Net earnings for the first six months of 2017 were $191.2 million, or $0.84 per share on a diluted basis, up from net earnings of $157.9 million, or $0.66 per share on a diluted basis for the same period last year. Before reflecting after-tax restructuring and acquisition-related costs in both years, adjusted net earnings were $200.6 million or $0.88 per share on a diluted basis in the first six months of 2017, up 21.3% and 27.5%, respectively, compared to adjusted net earnings of $165.4 million or $0.69 per share in the same period last year. The increase in adjusted net earnings reflected the strong improvement in operating margins and the impact of acquisitions, partly offset by higher financial and income tax expenses. Adjusted EPS growth also reflected the benefit of share repurchases.

Outlook

The Company updated its full year financial guidance for 2017, which it initiated in February this year. Given the Company's performance in the first half of the year, adjusted diluted EPS is now expected to be at the high end of the $1.60-$1.70 range, on projected consolidated and segmented net sales growth which remains in the high-single-digit range. As projected when the Company initiated its 2017 guidance, earnings growth was strong during the first half of 2017, while earnings in the second half of the year will reflect the anniversary of the Alstyle and Peds acquisitions and headwinds from higher raw material costs. The Company also updated its expectations for adjusted EBITDA for 2017 and now anticipates adjusted EBITDA at the high-end of its previous guidance range of $555-$585 million. Capital expenditures for the year are currently projected to come in at approximately $100 million compared to the Company's initial expectation of $125 million and total free cash flow is expected to be in excess of $425 million, up from in excess of $400 million.

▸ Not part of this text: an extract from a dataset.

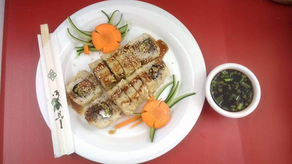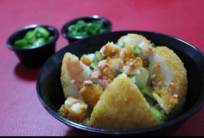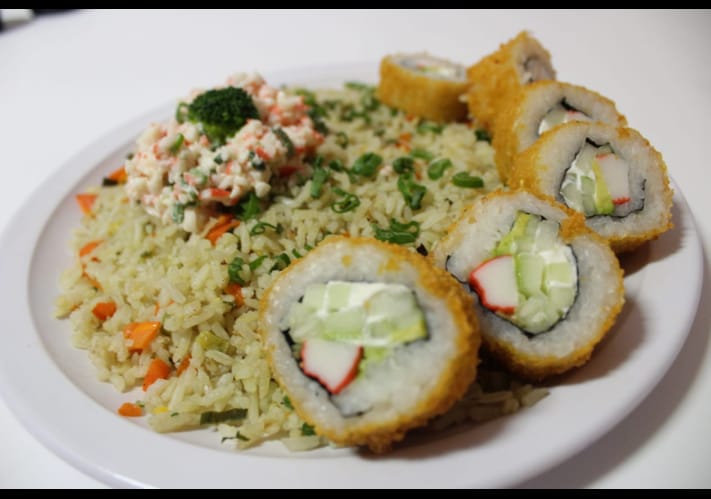 1/2 sushi empanizado, arroz frito y ensalada tampico. Los sushis incluidos en los paquetes son con surimi.

Declaration of quarterly dividend

The Board of Directors has declared a cash dividend of U.S. $0.0935 per share, payable on September 11, 2017 to shareholders of record on August 17, 2017. This dividend is an "eligible dividend" for the purposes of the Income Tax Act (Canada) and any other applicable provincial legislation pertaining to eligible dividends.

Normal course issuer bid

On February 23, 2017, the Company announced the renewal of a normal course issuer bid (NCIB) beginning February 27, 2017 and expiring February 26, 2018, to purchase for cancellation up to 11,512,267 common shares, representing approximately 5% of the Company's issued and outstanding common shares as of February 17, 2017.

During the first half of the year, the Company had repurchased for cancellation a total of approximately 6.0 million common shares at a total cost of $157.2 million.

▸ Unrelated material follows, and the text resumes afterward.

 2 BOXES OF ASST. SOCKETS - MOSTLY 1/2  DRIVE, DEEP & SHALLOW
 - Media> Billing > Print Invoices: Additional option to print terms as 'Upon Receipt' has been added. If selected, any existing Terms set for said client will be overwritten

Disclosure of outstanding share data

As at July 31, 2017, there were 224,464,031 common shares issued and outstanding along with 2,468,907 stock options and 166,538 dilutive restricted share units (Treasury RSUs) outstanding. Each stock option entitles the holder to purchase one common share at the end of the vesting period at a pre-determined option price. Each Treasury RSU entitles the holder to receive one common share from treasury at the end of the vesting period, without any monetary consideration being paid to the Company. However, the vesting of at least 50% of each Treasury RSU grant is contingent on the achievement of performance conditions that are primarily based on the Company's average return on assets performance for the period as compared to the S&P/TSX Capped Consumer Discretionary Index, excluding income trusts, or as determined by the Board of Directors.

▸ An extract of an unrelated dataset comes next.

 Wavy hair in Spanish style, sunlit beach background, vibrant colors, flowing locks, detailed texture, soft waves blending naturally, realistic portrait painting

Conference call information

Gildan Activewear Inc. will hold a conference call to discuss second quarter 2017 results and its business outlook today at 8:30 AM ET. A live audio webcast of the conference call, as well as a replay, will be available on our corporate site at http://www.gildancorp.com/events. The conference call can be accessed by dialing (800) 447-0521 (Canada & U.S.) or (847) 413-3238 (international) and entering passcode 45302228#. A replay will be available for 30 days starting at 11:00 AM ET by dialing (888) 843-7419 (Canada & U.S.) or (630) 652-3042 (international) and entering the same passcode.

Notes

This release should be read in conjunction with Gildan's Management's Discussion and Analysis and its unaudited condensed interim consolidated financial statements as at and for the three and six months ended July 2, 2017 available at http://www.gildancorp.com/financials-and-filings#tab-Quarterly-Reports, which will be filed by Gildan with the Canadian securities regulatory authorities and with the U.S. Securities and Exchange Commission.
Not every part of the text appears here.